A student was attempting to prove that $x = \frac{1}{2}$ is the only real root of
$$x^3 + \frac{1}{4}x - \frac{1}{2} = 0.$$

The attempted solution was as follows.

$$x^3 + \frac{1}{4}x = \frac{1}{2}$$

$$\therefore \quad x(x^2 + \frac{1}{4}) = \frac{1}{2}$$

$$\therefore \quad x = \frac{1}{2}$$

or

$$x^2 + \frac{1}{4} = \frac{1}{2}$$

i.e.

$$x^2 = -\frac{1}{4} \quad \text{no solution}$$

$$\therefore \quad \text{only real root is } x = \frac{1}{2}$$

\begin{enumerate}[label=(\alph*)]
\item Explain clearly the error in the above attempt.
[2]

\item Give a correct proof that $x = \frac{1}{2}$ is the only real root of $x^3 + \frac{1}{4}x - \frac{1}{2} = 0$.
[3]
\end{enumerate}

The equation
$$x^3 + \beta x - \alpha = 0 \quad \text{(I)}$$
where $\alpha$, $\beta$ are real, $\alpha \neq 0$, has a real root at $x = \alpha$.

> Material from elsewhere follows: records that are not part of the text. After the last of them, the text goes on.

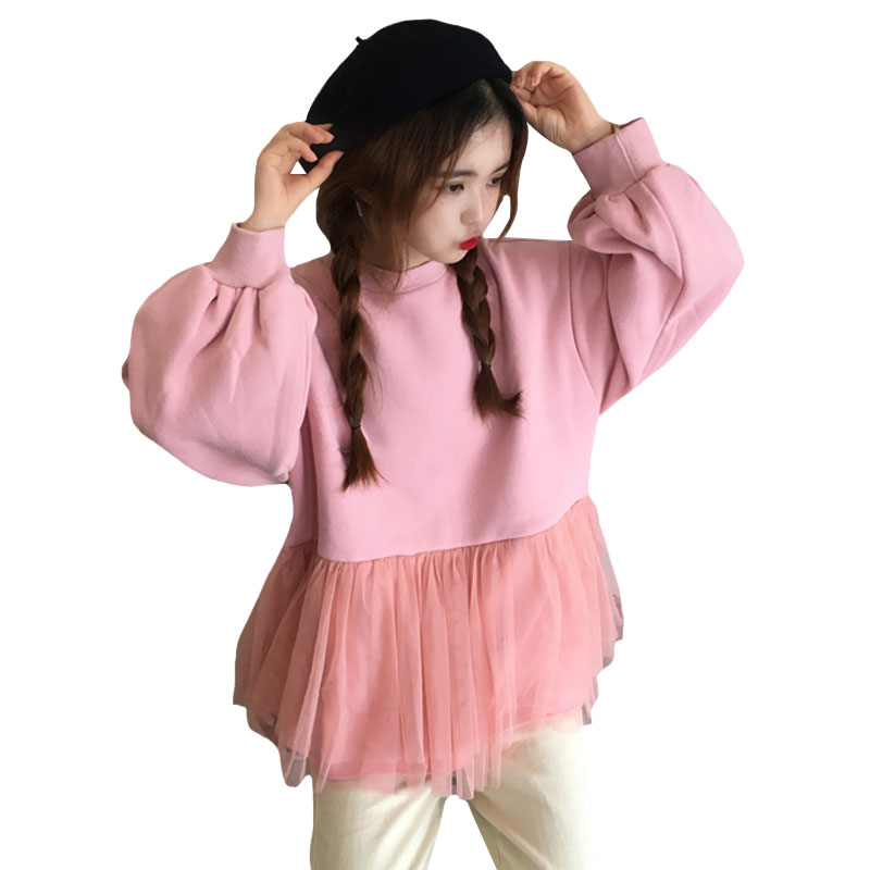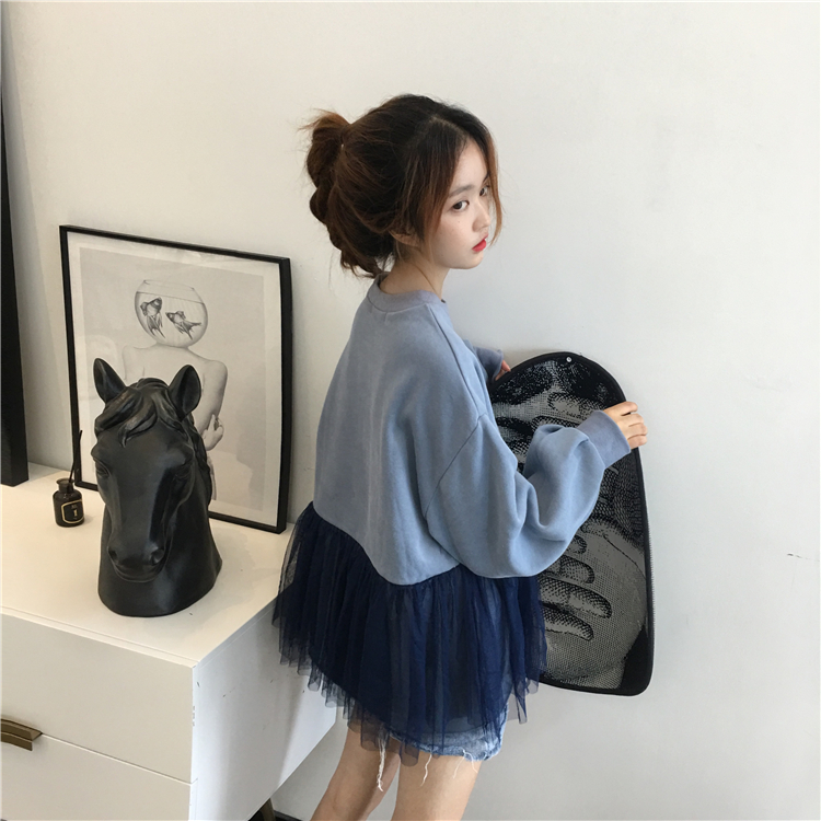 / 秋冬2018新款韓版BF風寬松網紗拼接pp home超火酷衛衣上衣外套女
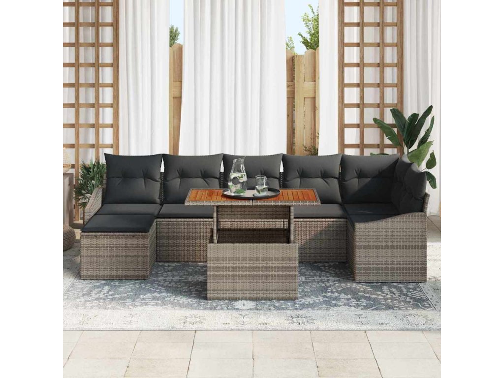 - Praktické komponenty: Vybavena modulárními komponenty, včetně sedadel s úložnými funkcemi a stolu z masivního akáciového dřeva, tato jídelní sada nabízí praktičnost, aniž by obětovala styl. Polyratanové opěrky rukou a udržované zadní části poskytují podporu a ergonomické pohodlí, zatímco poskytované pěnové polštáře nabízejí měkké sezení, čímž zajišťují prodloužené pohodlí během dlouhých jídel nebo rozhovorů.
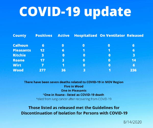 The Mid-Ohio Valley Health Department has released COVID-19 updates for August 14th, 2020.
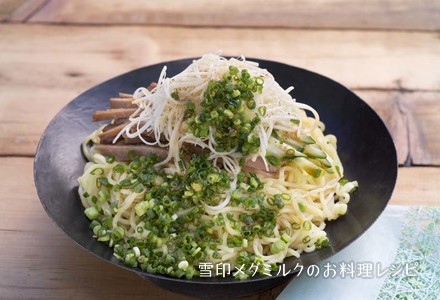 夏のランチに、ぜひおすすめ。細くさいた辛味タイプの「さけるチーズ」とねぎをたっぷりとのせた冷やし中華です。アクセントにピリリとした山椒の少々。ごま油は熱して、食べる直前にかけましょう。チーズの風味、山椒やねぎの香りがふわっと立ちあがってきて、食欲がますます刺激されます。
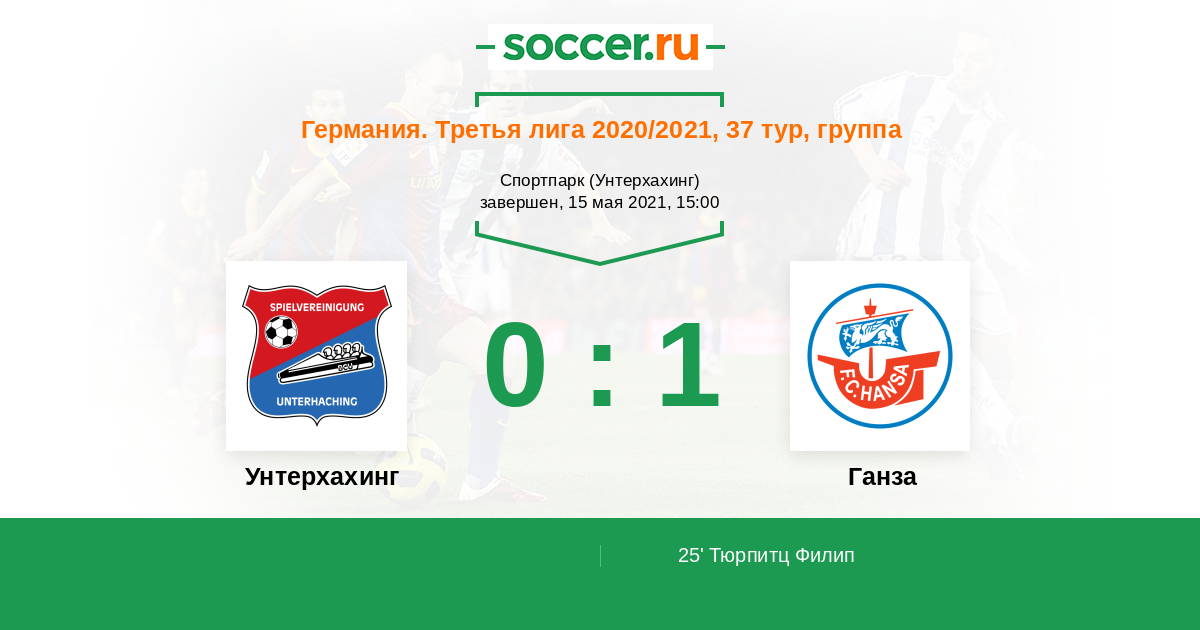 Германия. Третья лига 07.05.2025 Унтерхахинг Логотип футбольный клуб Унтерхахинг 0:2 Логотип футбольный клуб Ганза (Росток) Ганза
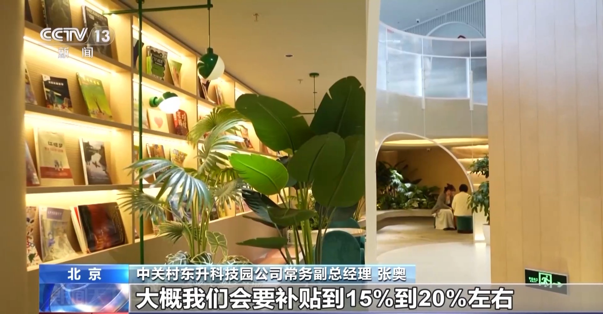 中关村东升科技园公司常务副总经理 张奥:我们帮助企业的人才在周边汇集到了很多房源,每一套的价格大概我们会要补贴到15%到20%左右。
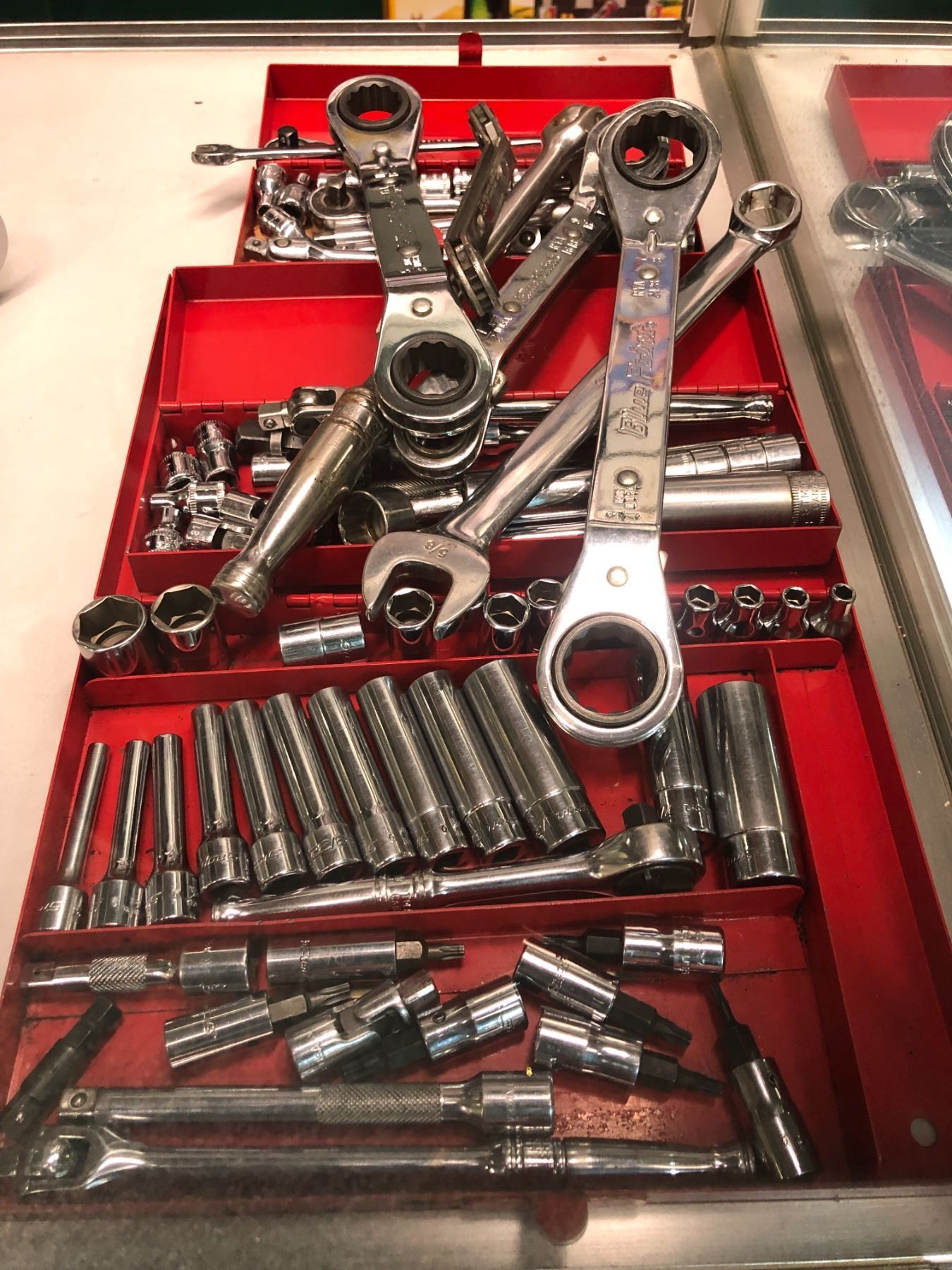 Approx. 75 pcs. of Snap-on & 4 pcs. Blue-point tools - sockets/ ratchets etc.
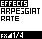 ARPEGGIATOR effect: RATE parameter is selected, the current parameter value is 1/4
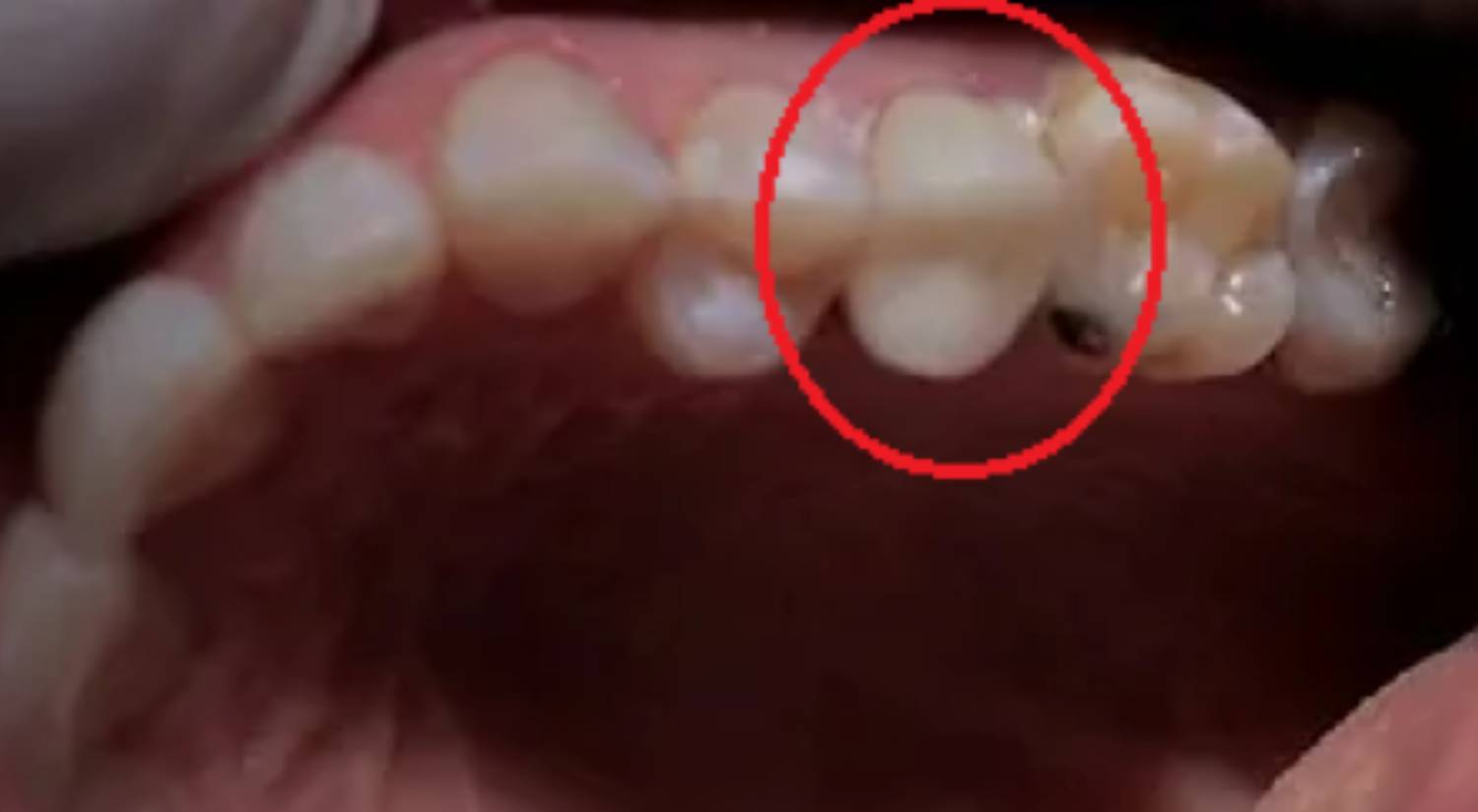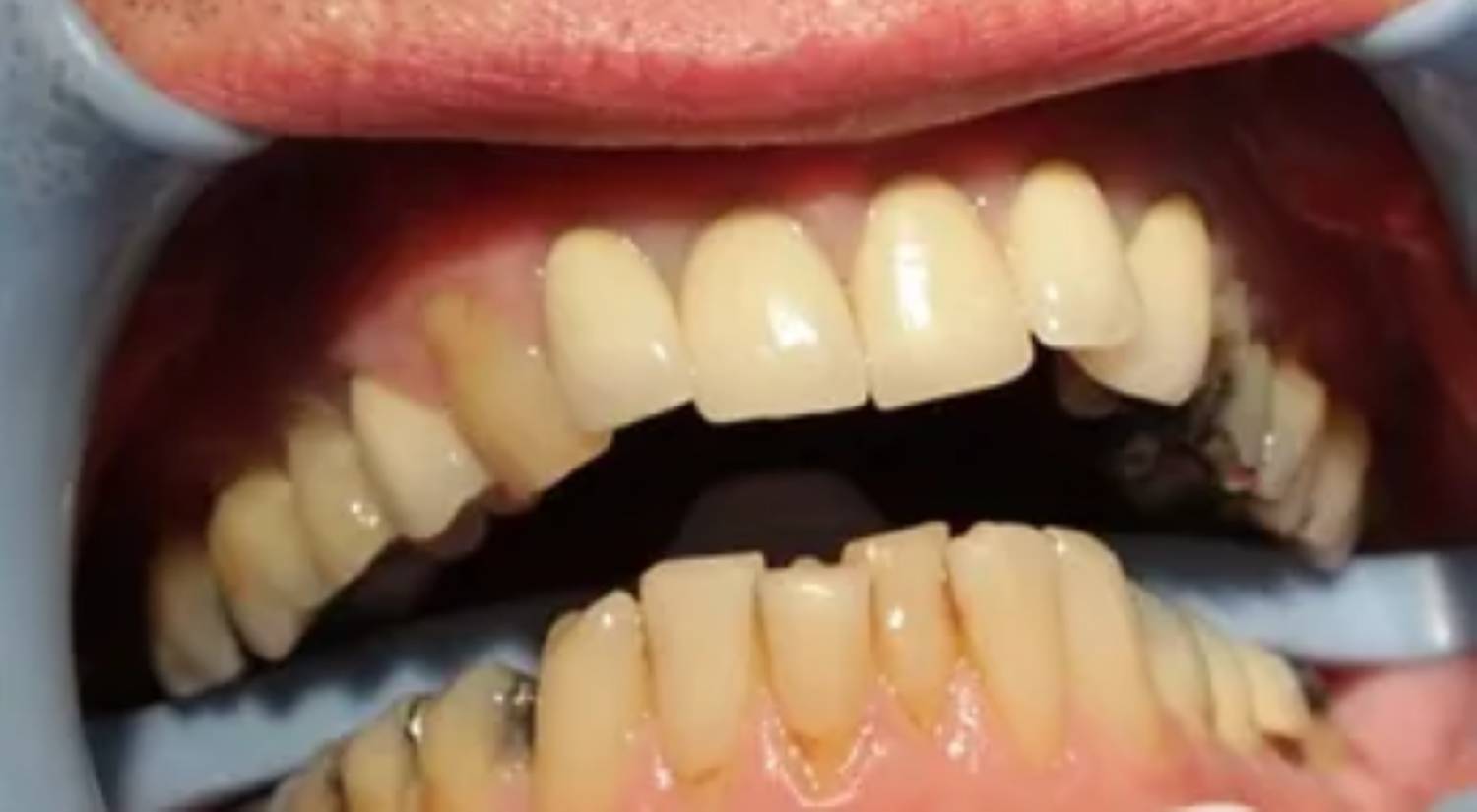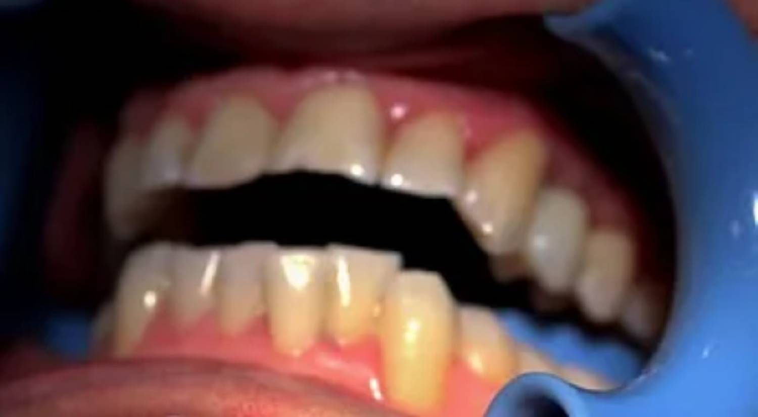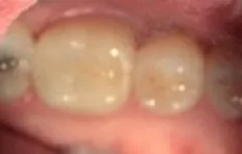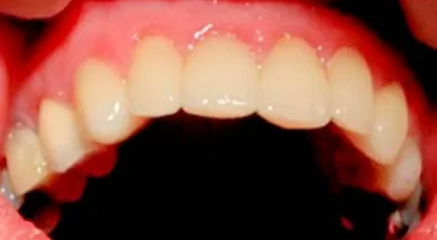 Due to trauma, there was an anterior enamel fracture on the upper left central incisor and a chip to upper right old composite build up on the upper right central incisor.

\begin{enumerate}[label=(\alph*)]
\setcounter{enumi}{2}
\item Find and simplify an expression for $\beta$ in terms of $\alpha$ and prove that $\alpha$ is the only real root provided $|\alpha| < 2$.
[6]
\end{enumerate}

An examiner chooses a positive number $\alpha$ so that $\alpha$ is the only real root of equation (I) but the incorrect method used by the student produces 3 distinct real "roots".

\begin{enumerate}[label=(\alph*)]
\setcounter{enumi}{3}
\item Find the range of possible values for $\alpha$.
[7]
\end{enumerate}

\hfill \mbox{\textit{Edexcel AEA 2002 Q7 [18]}}